There are a number of options available under the class rules for all your systems.


Posted By: sandgrounder
Date Posted: 07 Jul 17 at 1:03pm
Originally posted by PeterG

I'm well aware that those at the top of the fleet spurn them,

Not so sure about that. Robert Scheidt, arguably the most successful Laser sailor of all time utilises side cleats for tacking. And I've seen some top Laser sailors using the cleats to set the mainsheet upwind in lighter breeze.



Posted By: RS400atC
Date Posted: 07 Jul 17 at 1:33pm
Originally posted by bustinben

Sheet loads in the laser aren't high, so you should be able to just hold it in your tiller hand while you adjust other control lines.  Some people do use the side cleats, but most find that they get in the way and stop you from using the optimum body position in light airs.

The sheet loads seem pretty high to me.
Mine does not have cleats, and I often find I'm sat where they would be.
Maybe I don't use enough kicker and sit too far forwards?
I don't wear gloves except for crewing anything with a big kite or the depths of Winter.


Posted By: transient
Date Posted: 07 Jul 17 at 3:24pm
Using mainsheet cleat in a small dinghy?........Aaaaargh.

I did it once, to roll a fag going round Sheppey , it felt so totally wrong that I gave up smoking shortly after.
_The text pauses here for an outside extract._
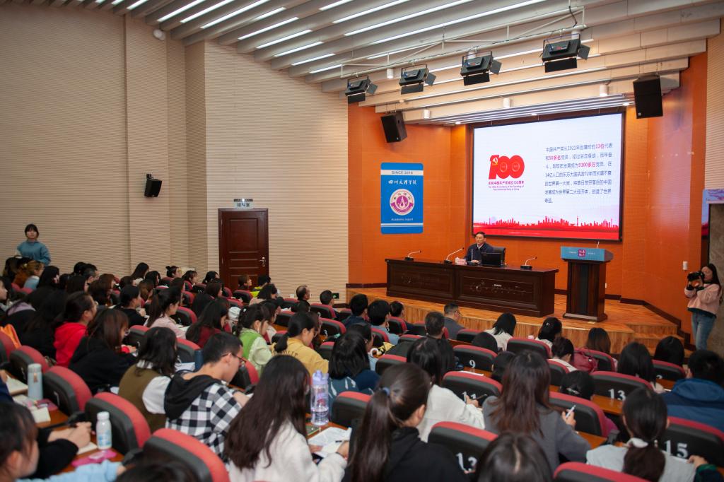 4月1日下午,党委书记王成端为外国语学院师生讲党课,他向师生讲授了中国共产党百年奋斗的光辉历程,并希望全体师生继承党的优良传统,传承红色基因,坚定理想信念,在新时代征程中书写壮丽的人生华章。

Wink


Posted By: Sam.Spoons
Date Posted: 07 Jul 17 at 7:40pm
Use em all the time, did back in the day in my OK do today in the Spice. Haven't got one on the Blaze as I've gone off-the-boom but it had one before and I've still got the bits. If I stay centre mainsheet on the Supernova I may fit the redundant cleat from the Blaze.

-------------
Spice 346 "Flat Broke"
Blaze 671 "supersonic soap dish"


Posted By: GarethT
Date Posted: 07 Jul 17 at 10:32pm
Originally posted by RS400atC


Originally posted by bustinben

Sheet loads in the laser aren't high, so you should be able to just hold it in your tiller hand while you adjust other control lines.  Some people do use the side cleats, but most find that they get in the way and stop you from using the optimum body position in light airs.
The sheet loads seem pretty high to me. Mine does not have cleats, and I often find I'm sat where they would be.Maybe I don't use enough kicker and sit too far forwards?I don't wear gloves except for crewing anything with a big kite or the depths of Winter.


In a breeze you'll be needing to use sh*t-loads (I think that's the correct term) of kicker to keep the sail flat, and the mainsheet controls the sheeting angle.
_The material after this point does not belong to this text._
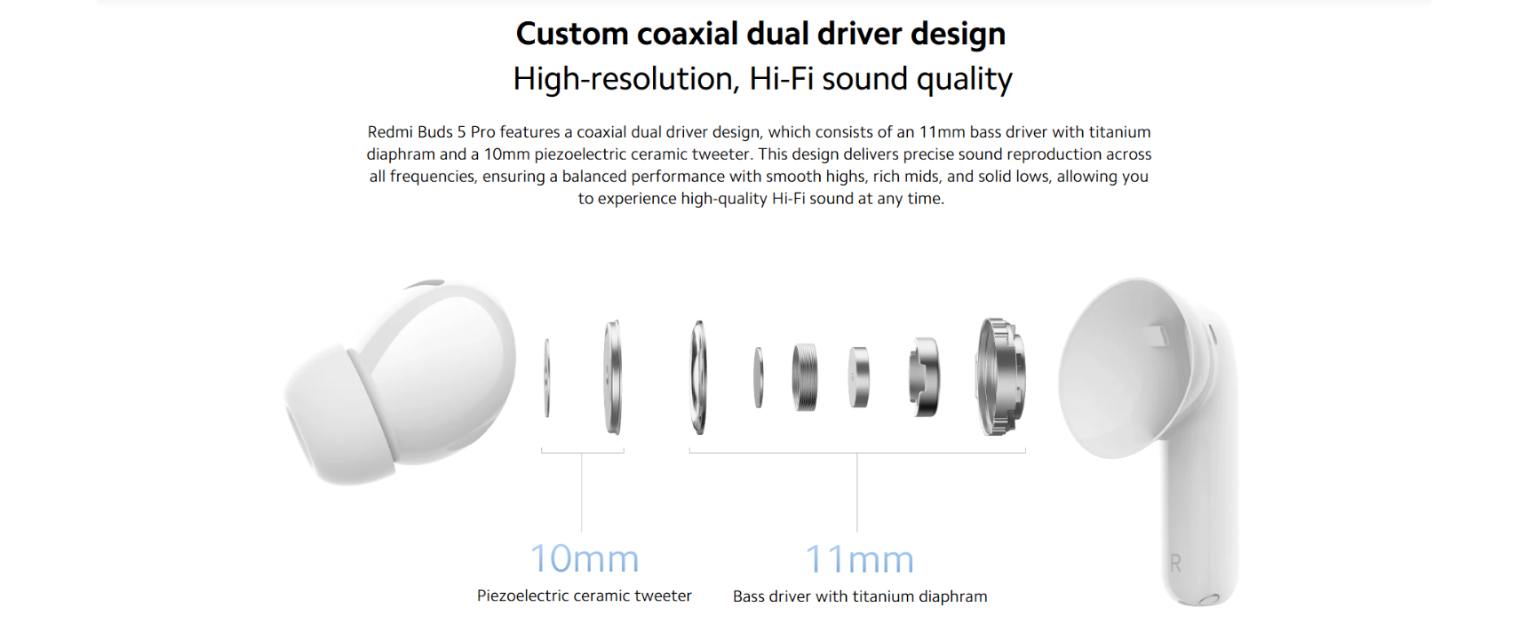 سماعات ريدمي بودز 5 برو سوداء تحتوي درايفرات مزدوجة متحدة المحور—11 مم تيتانيوم جهير و10 مم سيراميك تريبل—لـHi-Res Audio Wireless مع ترميز LDAC بـ24 بت/96 كيلوهرتز صوت فائق الدقة عبر ترددات متوازنة. إلغاء ضوضاء هجين 52 ديسيبل رائد مع تقليل 4 كيلوهرتز عريض يحجب الضوضاء المحيطة بفعالية، بينما 3 ميكروفونات AI تقليل ضوضاء المكالمات تضمن محادثات صافية حتى رياح 9 م/ث. السماعات 53 مللي أمبير توفر 10 ساعات (ANC off) مع علبة 570 مللي أمبير لـ38 ساعة إجمالي، شحن 5 دقائق = 2 ساعة.

Sitting toward is good in the lighter stuff, and I've seen a number of foreheads gashed by cleats, so I would remove them from the decks.
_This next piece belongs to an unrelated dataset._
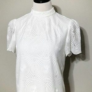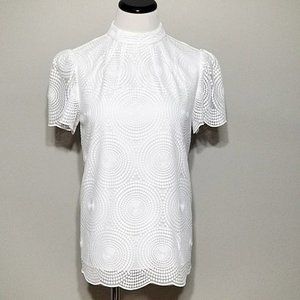 Trina Turk White Embroidered Mesh Top XS Short Puff Sleeve Blouse Mod Chic

I use centre jammers on the OK, but you are sat above it so it is easy to release. In a laser you are sat at the same level as the cleat, so I can imagine having problems releasing it bearing off on a breezy day.


Posted By: laser193713
Date Posted: 08 Jul 17 at 7:15am
The fact that at least 80% of lasers on the circuit don't use the cleats is probably more relevant than the fact that some of our forum users have cleats on various other dinghies. You don't need or want cleats on your laser - FACT.


Posted By: Rupert
Date Posted: 08 Jul 17 at 8:53am
Unless you like bum bruises from deck cleats! Mainsheet jammers attached to the final block are the work of the devil in pretty much any class.

-------------
Firefly 2324, Lightning 130, Puffin 229, Minisail 3446


Posted By: transient
Date Posted: 08 Jul 17 at 10:10am
As I said just now:

Originally posted by transient

Using main sheet cleat in a small dinghy?........Aaaaargh.

. Wink

Using a main sheet cleat on most small dinghies is not good practice and on a Laser it certainly isn't common practice. 

You will not be in full control of the boat with the main sheet cleated just as you wouldn't be in full control of a car with the throttle jammed open ( best analogy I can think of at the mo).
A mainsail needs constant attention and trimming to maintain speed and control heel. 

Everything you need to do in a Laser can be done with two hands and no cleats. (apart from rolling fags Wink)


Posted By: sandgrounder
Date Posted: 08 Jul 17 at 10:33am
Originally posted by laser193713

The fact that at least 80% of lasers on the circuit don't use the cleats is probably more relevant than the fact that some of our forum users have cleats on various other dinghies. You don't need or want cleats on your laser - FACT.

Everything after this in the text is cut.